シデンコさん夫婦は、娘のカリーナさんの自宅そばにあるマンションを借りて福岡での生活を始めた。暮らしていたドンバス地方は、ロシア軍が攻勢を強めて物資が不足していた。この先、現地にいては十分な医療を受けられないおそれがあったことが福岡へ呼び寄せた最大の理由だとカリーナさんは話す。

「これから戦いが激しくなるので救急車も来ない。お父さんとお母さんは持病があり障害がある。何かあったときに救急車も来ない。それが一番不安だった」(娘のカリーナさん)
「病気のことはあまり心配していない。日本の病院にちゃんと任せる」(避難してきた母親シデンコ・イリーナさん)

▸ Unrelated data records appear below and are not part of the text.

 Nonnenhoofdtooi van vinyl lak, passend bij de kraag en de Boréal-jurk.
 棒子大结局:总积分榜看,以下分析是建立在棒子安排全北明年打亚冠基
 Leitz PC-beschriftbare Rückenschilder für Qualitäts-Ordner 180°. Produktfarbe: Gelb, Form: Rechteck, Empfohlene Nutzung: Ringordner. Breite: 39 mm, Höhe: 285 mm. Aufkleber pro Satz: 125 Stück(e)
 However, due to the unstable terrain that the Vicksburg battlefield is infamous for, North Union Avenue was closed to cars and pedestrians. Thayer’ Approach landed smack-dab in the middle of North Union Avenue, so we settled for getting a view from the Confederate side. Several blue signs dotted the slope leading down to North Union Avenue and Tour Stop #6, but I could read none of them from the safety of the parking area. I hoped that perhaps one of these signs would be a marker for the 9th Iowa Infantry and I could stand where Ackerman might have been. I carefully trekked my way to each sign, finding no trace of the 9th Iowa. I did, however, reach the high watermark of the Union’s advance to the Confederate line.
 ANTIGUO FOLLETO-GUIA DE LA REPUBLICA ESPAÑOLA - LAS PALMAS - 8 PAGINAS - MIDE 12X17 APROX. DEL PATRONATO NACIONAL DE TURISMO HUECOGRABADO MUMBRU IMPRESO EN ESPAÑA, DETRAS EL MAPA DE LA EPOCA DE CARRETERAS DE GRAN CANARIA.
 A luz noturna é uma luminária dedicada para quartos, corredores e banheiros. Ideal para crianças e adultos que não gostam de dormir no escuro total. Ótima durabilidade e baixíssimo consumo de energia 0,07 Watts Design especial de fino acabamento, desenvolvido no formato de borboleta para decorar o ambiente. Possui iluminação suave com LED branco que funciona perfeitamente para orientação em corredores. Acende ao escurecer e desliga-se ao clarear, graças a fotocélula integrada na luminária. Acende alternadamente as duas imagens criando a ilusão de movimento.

一方で夫婦には長年住み慣れた家にもう戻れないかもしれないつらい思いもある。

「今まで何十年も生活してきた家は、何も困ったことはなかった。家の鍵を閉めて絶対戻らない気持ちで出発した。爆弾が落ちたら全部なくなるとか、そればっかり考えている。でも戻ることができないのは分かっている。家のことが一番つらい」(避難してきた母親シデンコ・イリーナさん)


「嬉しかった。ずっと電話でしか話してなかったから直接会えて感動した」(孫)
「万が一具合悪くなった時にすぐに行けるように、何かあったときにすぐ対応ができるようにする。部屋の中に閉じこもっていたら寂しくなり帰りたい気持ちになって、でも帰るところがないからストレスがたまらないかなとか…。そこをまずは考えたい」(娘の黒川カリーナさん)

ロシア軍の侵攻に翻弄され、遠く離れた福岡で暮らすことになったシデンコさん夫婦。久しぶりに会えた娘や孫たちの笑顔が心の支えになっている。